FDA approves Vertex and CRISPR Therapeutics’ CASGEVY for sickle cell disease
Vertex Pharmaceuticals Incorporated and CRISPR Therapeutics have announced a significant milestone in medical science with the U.S. Food and Drug Administration’s (FDA) approval of CASGEVY (exagamglogene autotemcel [exa-cel]), a revolutionary CRISPR/Cas9 genome-edited cell therapy. This approval marks a significant advancement in the treatment of sickle cell disease (SCD) for patients aged 12 and older experiencing recurrent vaso-occlusive crises (VOCs).
The approval of CASGEVY signifies a historic moment as it is the first CRISPR-based gene-editing therapy to be sanctioned in the U.S. It represents a pioneering treatment offering a potential one-time transformative therapy for eligible SCD patients.
Reshma Kewalramani, CEO and President of Vertex, expressed gratitude to patients and investigators for their trust, which facilitated this landmark approval. Samarth Kulkarni, Ph.D., CEO of CRISPR Therapeutics, shared his excitement about realizing the vision of transforming CRISPR technology into breakthrough therapies.
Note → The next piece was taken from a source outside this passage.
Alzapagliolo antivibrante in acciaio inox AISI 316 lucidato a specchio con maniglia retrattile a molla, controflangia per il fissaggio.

Dr. Stephan Grupp, Section Chief at the Children’s Hospital of Philadelphia, underscored the potential of CASGEVY to be a transformative treatment for SCD patients. Vertex is working with hospitals experienced in stem cell transplantation to establish a network of authorized treatment centers across the U.S. to offer CASGEVY.
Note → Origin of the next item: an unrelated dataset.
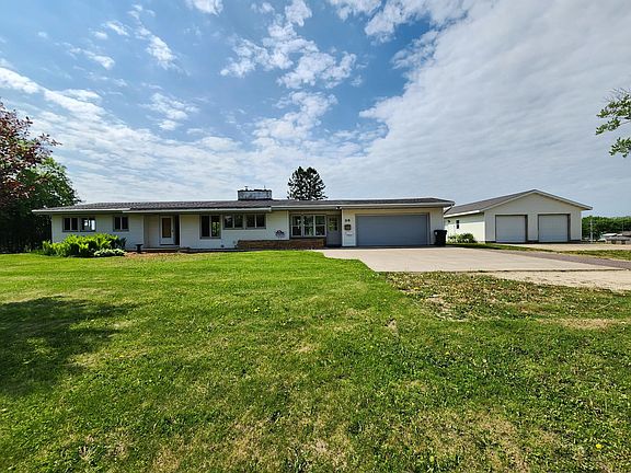 This statement rambler home sits on 1.4 acres on a corner lot in the heart of Plainview, MN. It emits charm both on the inside and out. It has an attached 2 stall garage as well as a detached 2 stall garage with an insulated workshop. The large windows throughout this home allow natural light in every room and the built in's add character around every corner. The kitchen has white cabinets that accent the wood ceilings and granite countertops. This home has two wood burning fireplaces and an additional kitchen in the basement with stovetop and dishwasher. This large lot offers two pear trees, plum tree, lilac bushes and much more to enjoy. NOTE: This home will be getting new siding, facia and gutters per the color request from buyer.

CASGEVY, a genome-edited cellular therapy, modifies patients’ own hematopoietic stem cells to increase fetal hemoglobin production, thereby reducing or eliminating VOCs in SCD patients. This therapy has shown promising results in clinical studies.
Additionally, CASGEVY has received conditional marketing authorization in Great Britain and Bahrain for SCD and transfusion-dependent beta thalassemia (TDT) patients. It is currently under review by the European Medicines Agency and the Saudi Food and Drug Agency.
While CASGEVY’s use for TDT treatment in the U.S. remains investigational, Vertex has submitted a Biologics License Application (BLA) to the FDA for its potential use in TDT patients, with a target action date set for March 30, 2024.
The FDA’s approval of CASGEVY heralds a new chapter in the treatment of SCD, showcasing the potential of CRISPR/Cas9 technology in providing groundbreaking solutions for challenging medical conditions.